Reputation: 49
I have a dataframe of urls and verified urls and add a column with the levenstein ratio, which compares the two types of urls for each row.
Here is an example of my pandas dataframe:
url url_ok2
13 10hanover.org/ NaN
15 111140.cevadosite.com/ aerorealestate.net/
42 18brownlow.com/ 18brownlow.com:443/
57 1granary.com/ 1granary.com/journal/
61 1rs.org.uk/ 1rs.io/
79 2020visionnetwork.eu/ network.crowdhelix.com/
Here is my script:
import Levenshtein as lev
to_test['lev_ratio'] = None
for i in range(to_test.shape[0]):
to_test.iloc[i]['lev_ratio'] = lev.ratio(str(to_test.iloc[i].url),str(to_test.iloc[i].url_ok2))

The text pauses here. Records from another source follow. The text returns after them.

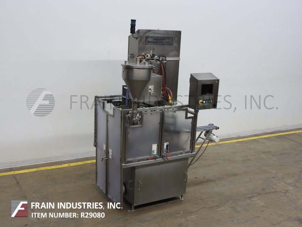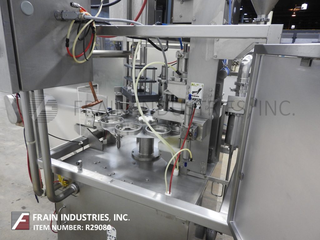 返回所有设备现代型号SR8DC,自动,8个口袋,间歇运动,不锈钢,旋转杯填料,卷筒卷材和热封,每分钟10至40杯 - 取决于材料和应用。填充范围:1 / 2oz至14oz。容器尺寸最多:3“直径(具有适当的变换部件)。配备24”OD旋转桌面,拥有(8)4.5 ID杯车站,螺丝杯砍杯,16“OD x 18”长产品料斗,单头活塞填料,带1-1 / 2“OD x 5”长单活塞和1-1 / 2“正切割喷嘴,无容器/无填充和卷卷卷材涂抹器,单头气动热封头和扫臂拒绝36“LOVEL X 5”宽排出输送机。控制面板具有A / B MICROLOGIX控制器,采用触摸板,(触摸板所需)和液位控制,启动,停止,重置,e-stop和Statis灯棒。安装在不锈钢上基部具有高度可调节的锁定腿和摆动门安全防护。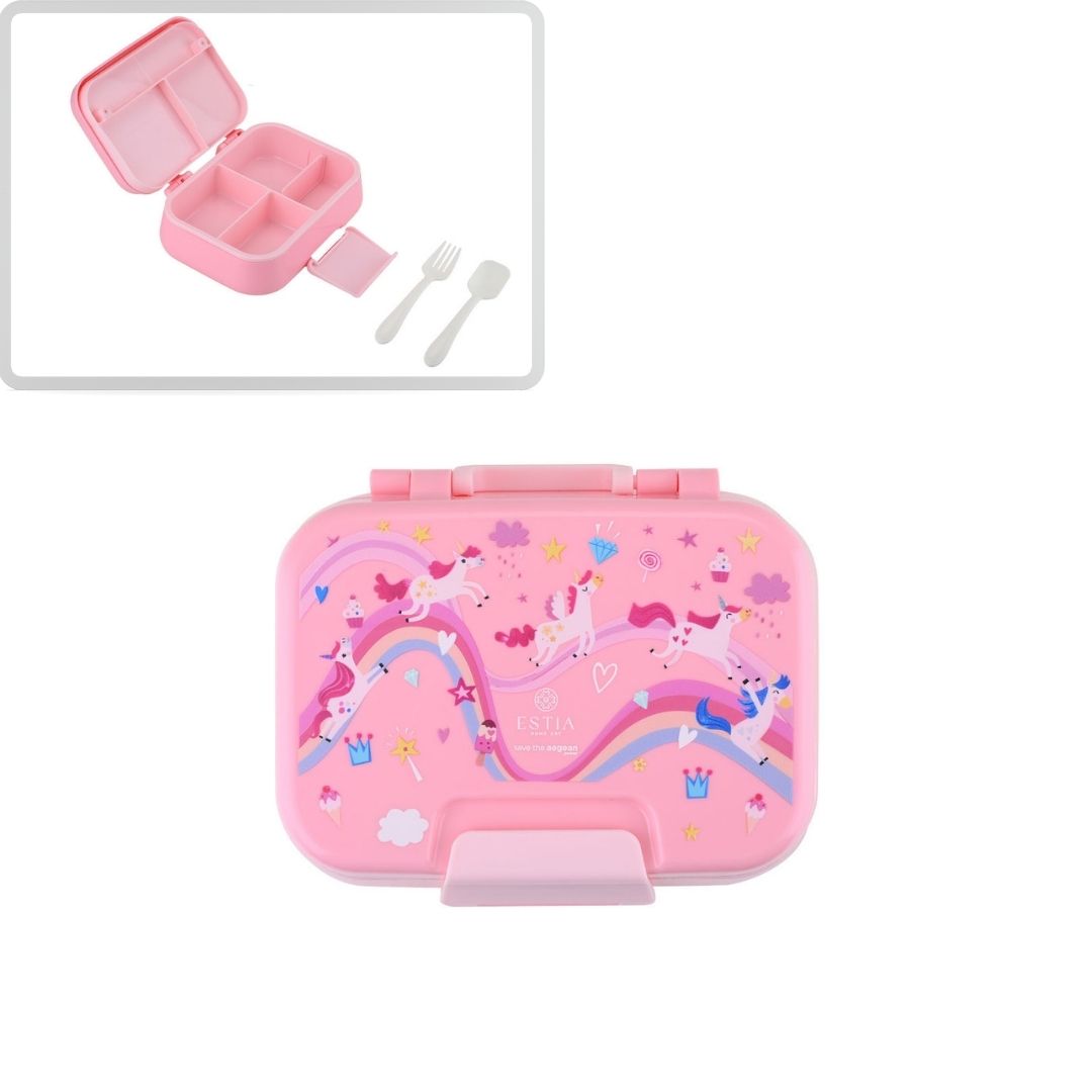 Τάπερ Estia Παιδικό 2 Επιπέδων Με Κουτάλι Και Πιρούνι 1030ml Ροζ Rainbow Dreams
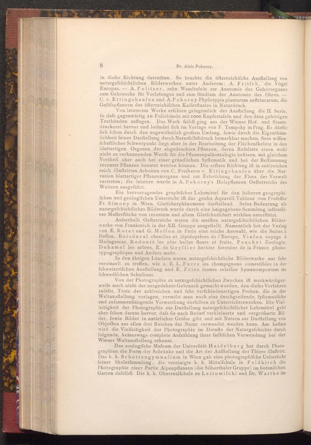 in diefer Richtung darzuthun. So brachte die öfterreichiſche Ausstellung von naturgefchichtlichen Bilderwerken unter Anderem: A. Fritfch, die Vögel Europas. A. Politzer, zehn Wandtafeln zur Anatomie des Gehörorganes zum Gebrauche für Vorlefungen und zum Studium der Anatomie des Ohres. C. v. Ettingshaufen und A. Pokorny Phyfiotypia plantarum auftriacarum, die Gefäfspflanzen des öfterreichifchen Kaiferftaates in Naturdruck.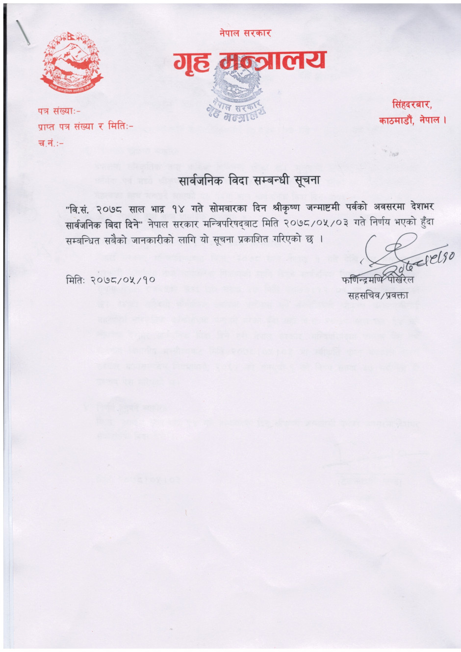 सार्वजनिक बिदा सम्बन्धी सूचना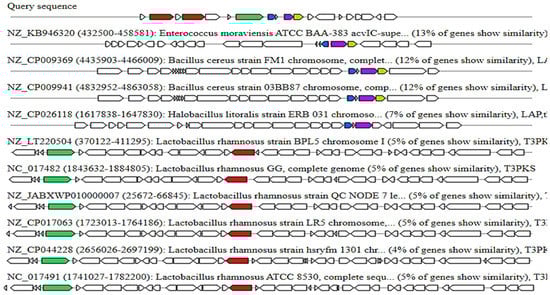 In the genome of Lp YW11, antiSMASH predicted four key regions that create EPS, namely region 1 (cyclic lactone autoinducer), region 2 (terpene), region 3 (T3PKS), and region 4 (Ripp similar) (Figure 4). Comparative EPS-producing areas of and other Lactiplantibacillus plantarum genomes are shown in Figure 5.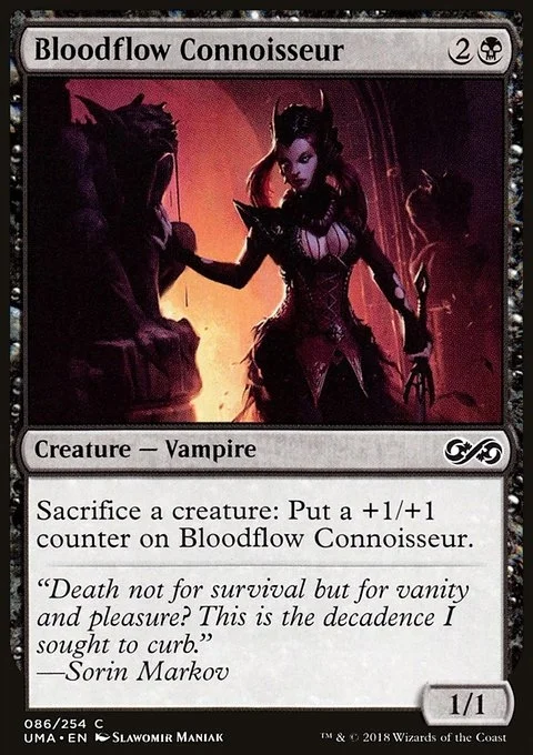 Sacrifice a creature: Put a +1/+1 counter on Bloodflow Connoisseur.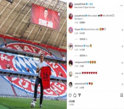 帕利尼亚也通过社媒晒出了自己手持16号球衣亮相安联球场的照片,并配文:“梦想成真!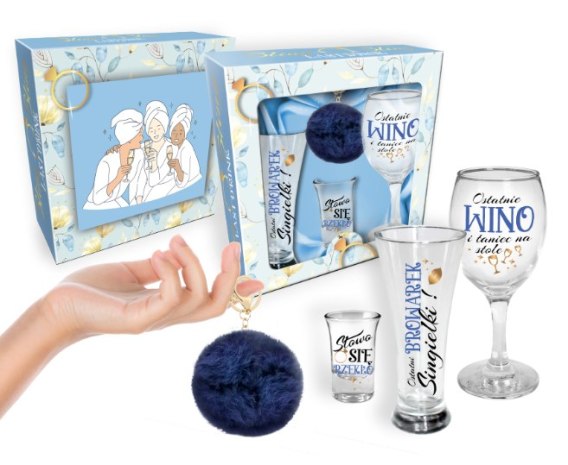Zestaw szklanka kieliszki + brelok granat NIEZBĘDNIK PANIEŃSKI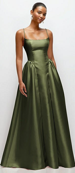 Scoop Neck Drop Basque Skirt Satin Maxi Dress with Pockets in olive green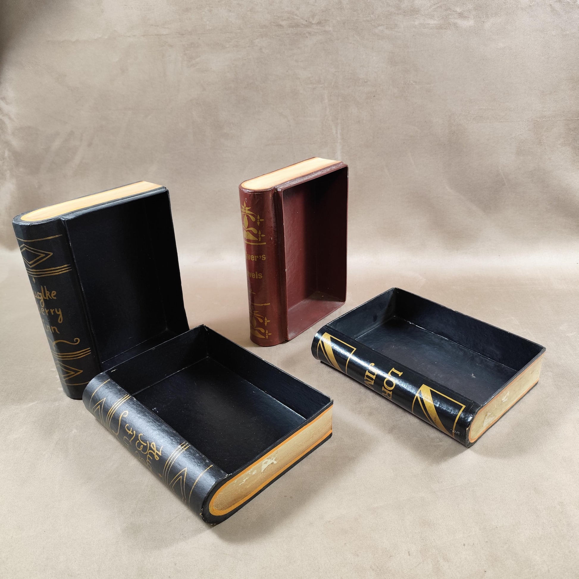 Lot de 2 boites en forme de livres anciens en carton Made in France Vintage 1960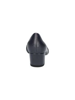 - Synthetic leather upper in a pump style with an almond toe

But the values are not replaced, see dataframe after running script: url url_ok2 lev_ratio 13 10hanover.org/ NaN None 15 111140.cevadosite.com/ aerorealestate.net/ None 42 18brownlow.com/ 18brownlow.com:443/ None 57 1granary.com/ 1granary.com/journal/ None 61 1rs.org.uk/ 1rs.io/ None 79 2020visionnetwork.eu/ network.crowdhelix.com/ None
But when I check lev.ratio(str(to_test.iloc[i].url),str(to_test.iloc[i].url_ok2)), it gives me the corresponding value, i.e. lev.ratio(str(to_test.iloc[0].url),str(to_test.iloc[0].url_ok2))
returns
0.45454545454545453
How can I replace the values in lev_ratio column for each row?
Upvotes: 0
Views: 32
Reputation: 73
Try using .apply
to the dataFrame:
df['lev_ratio'] = df.apply(lambda x: lev.ratio(str(x.url),str(x.url_ok2)), axis=1)
Upvotes: 1